What you are seeing is the introduction of “CERTIFICATION” to the commit process by enabling wsrep. The lifecyle of a transaction in Galera looks like this:

  1. Source node: transaction works as normal, client does COMMIT (or autocommit)
  2. On Commit:
    a) transaction is replicated to all nodes in the cluster (if any) – GTID cluster-wide transaction ordering is determined here.
    b) transaction is certified, if it fails the client gets a “deadlock”. This will only can happen if conflicting writes were replicated before this transaction.
    c) if certification passes, local node does normal innodb commit
  3. On other nodes (if any),
    a) node synchronously receives transaction (from 2a)
    b) transaction is certified, if fails transaction is dropped (no reply to source node).
    c) transaction is applied (this can be done in parallel when it safe and if you set wsrep_slave_threads > 1)
    d) transaction is committed locally

There are important points here were transactions are serialized in the stream. They are:

  • 2a
  • 2b (and by extension 2c)
  • on the other nodes (if any) 3b and 3d

This serialization is because you can’t just intersperse random transactions together in any old order and actually get nodes that have the same data.

All this being said, certification must be done serially and that does tend to slow some things down a bit, even on a single node cluster. innodb_flush_log_at_trx_commit=1 tends to make this effect worse (in my testing). Galera 3 (and PXC 5.6 which is in beta in our experimental repos) is supposed to be more efficient at certification, so I’d be interested to see how your tests run there (been meaning to do this myself).

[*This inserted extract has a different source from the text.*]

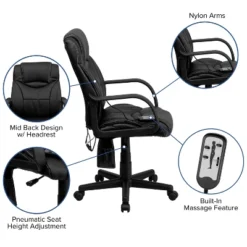 Emma And Oliver Mid-Back Ergonomic Massaging Black LeatherSoft Executive Swivel Office Arm Chair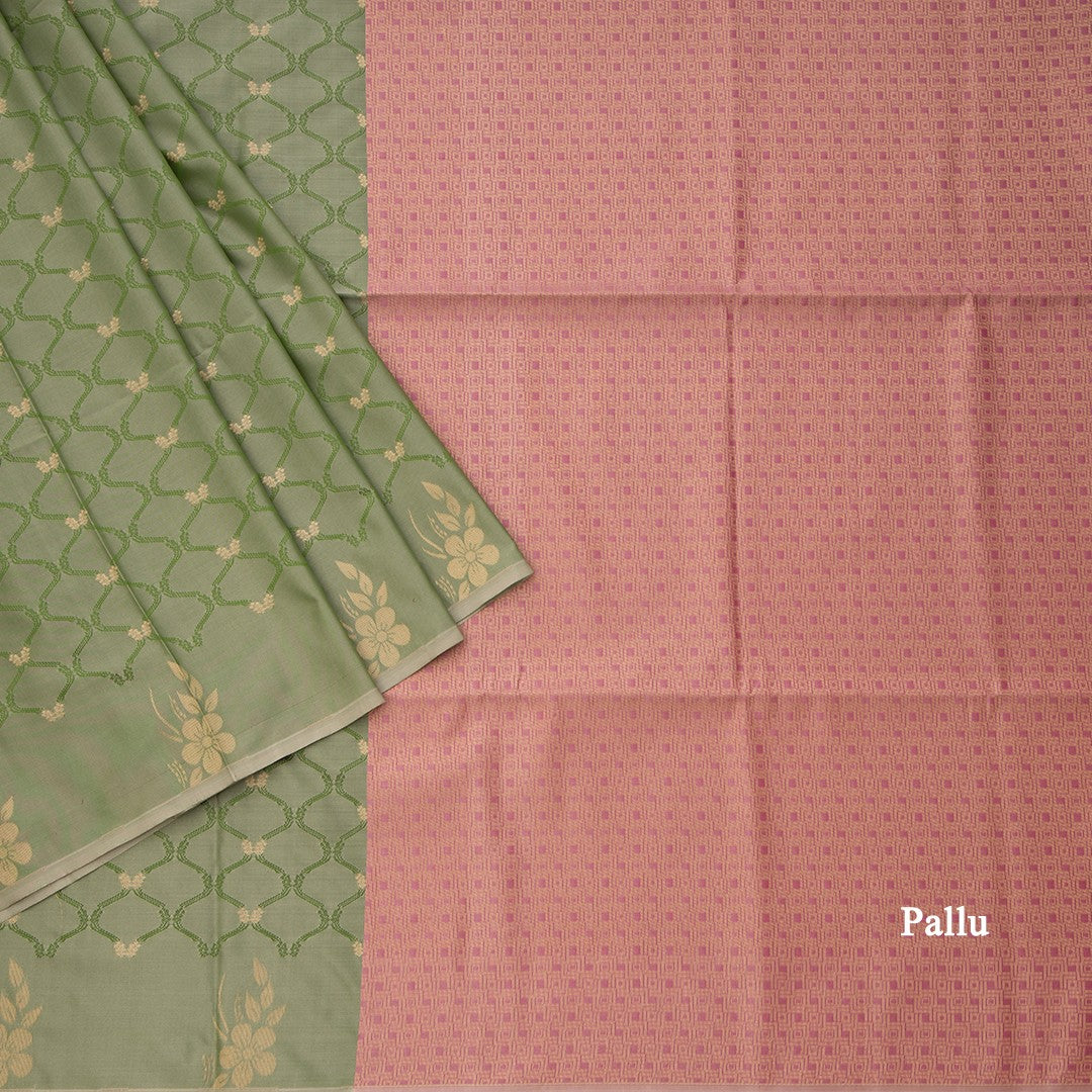 Semi Soft Silk Green Thread Work Saree With Zari Buttas

Thanks for the clear explanation. Performance improved by an order of magnitude when I set [COLOR=#252C2F]innodb_flush_log_at_trx_commit=2. I realise that there is a risk of losing 1 sec of transactions if a server fails but it seems to be a safe choice in a clustered environment (unless all the nodes fail!).

Precisely. I’ve been wondering if 5.6/Galera 3 improves this at all, but I haven’t gotten to testing it yet.